Bu arada Eğitim Sen Diyarbakır şubelerinin 'ders süresi 30 dakika olsun' şeklinde bir talebi oldu. Bu talep kısmen kabul edildi. Akşahin, taleplerinin gerekçesiyle ilgili şöyle konuştu:
“Kentteki birçok okul güçlendirme, tadilat, onarım kapsamında boşaltıldı ve başka okullara nakil edildi. Okullarda sınıf mevcudu arttı, sayıları binleri bulan öğrenci, yüzleri bulan öğretmenlerin yer değişikliği kaos ortamını oluşturdu. Okullar bulaş riskinin arttığı alanlara dönüştürüldü. Eğitimcilerin, öğrencilerin sağlık hakkı riske atıldı. Sınıf mevcutlarının 55-60’ı bulduğu okullarda ek tedbirler alınmadığı gibi ders sürelerinin 30 dakika olarak düzenlenme talebimiz de bakanlık tarafından reddedildi. 30 dakika ders süresinin yıkım kararı nedeniyle bir arada eğitim gören okullarda uygulanacağı belirtildi.”
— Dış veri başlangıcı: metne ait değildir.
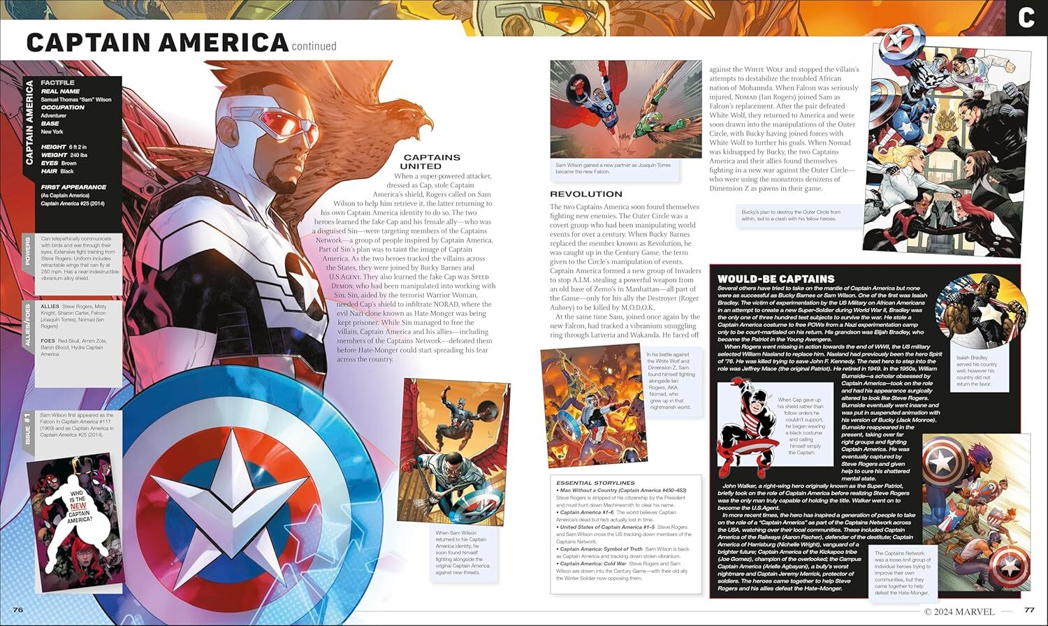 Major figures like Captain America and the Avengers have multi-spread sections, while even minor character entries contain details about their key attributes, allies, foes and storylines. This is the most complete guide to the Marvel Universe ever created.

Akşahin, pandemi sürecinde sınıfların kalabalık oluşunun, uzun süre bir arada bulunmanın bulaş riskini artırdığını ve önlem olarak salgın kontrol altına alınıncaya dek ders sürelerinin düzenlenmesini talep ettiklerini söyledi.

30 dakikalık ders süresinin telafisi için ise Akşahin, “Öğrencilerin ders konusundaki eksikliği yıl boyunca tamamlayıcı müfredat yöntemiyle mutlaka giderilmesi gerektiğini ifade ediyor, bu yönlü çalışmaların yapılmasını öneriyoruz” sözleriyle dile getirdi.
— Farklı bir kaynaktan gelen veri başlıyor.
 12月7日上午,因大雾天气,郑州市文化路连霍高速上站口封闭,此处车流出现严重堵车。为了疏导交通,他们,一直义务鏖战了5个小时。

Akşahin, kentte imam hatip liseleri ve ortaokulların sınıf mevcutlarının dikkate alınarak, ihtiyaca göre tekrar düzenlenmesi gerektiğini söyledi. Akşahin, “Bir yanda okullarda yığılma yaşanırken, diğer yandan imam hatip okullarında sınıf mevcudu ortalamanın altında eğitim vermektedir. Bu durumun öğrenci talebi, tercihi ve mevcuda göre tekrar düzenlenmesi ve okulların dönüştürülmesi gerektiğini ifade ediyor ve çözüm önerisi olarak sunuyoruz” dedi.

‘ANADİLİNDE EĞİTİM HAKTIR’

Eğitim Sen’in taleplerinden biri de anadilinde eğitim. Anadilinde eğitim seçmeli ders olarak veriliyor ancak bunun sorunlu olduğu yıllar içinde görüldü. Akşahin’in de vurguladığı gibi Milli Eğitim Bakanlığı bu yıl da anadilinde eğitimin önünü açacak bir uygulama getirmedi.
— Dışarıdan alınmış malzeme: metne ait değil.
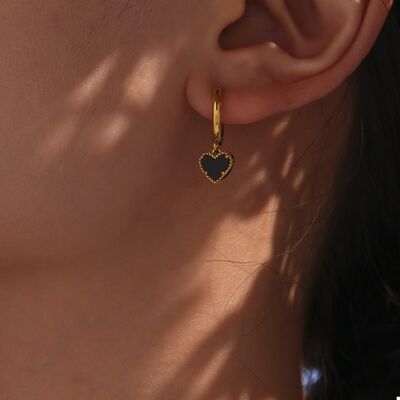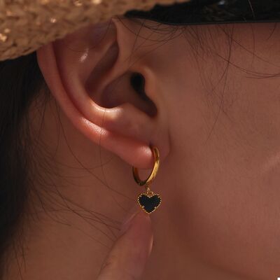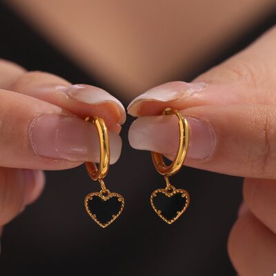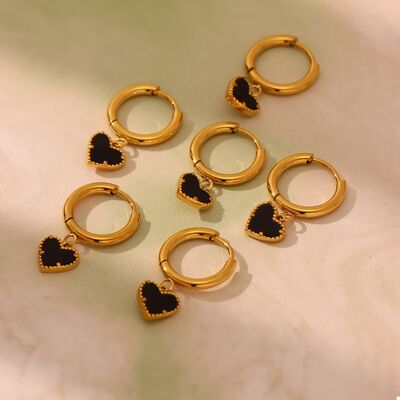 18K Gold-Plated Hoop Earrings with Heart Pendant

“Her öğrencinin anadilinde eğitim görme hakkı vardır” diyen Akşahin, “Biz sendika olarak temel eğitim politikalarımızdan anadilinde eğitim bu yıl da programa alınmadı. Bölgedeki öğrenciler eğitimde zorunlu olarak anadilinden mahrum edilerek, eşitsiz bir şekilde eğitime tabi olmaktadır. Gene seçmeli ders olarak sığ bir uygulamaya sıkıştırılmış, temel eğitim programına alınmamıştır” dedi.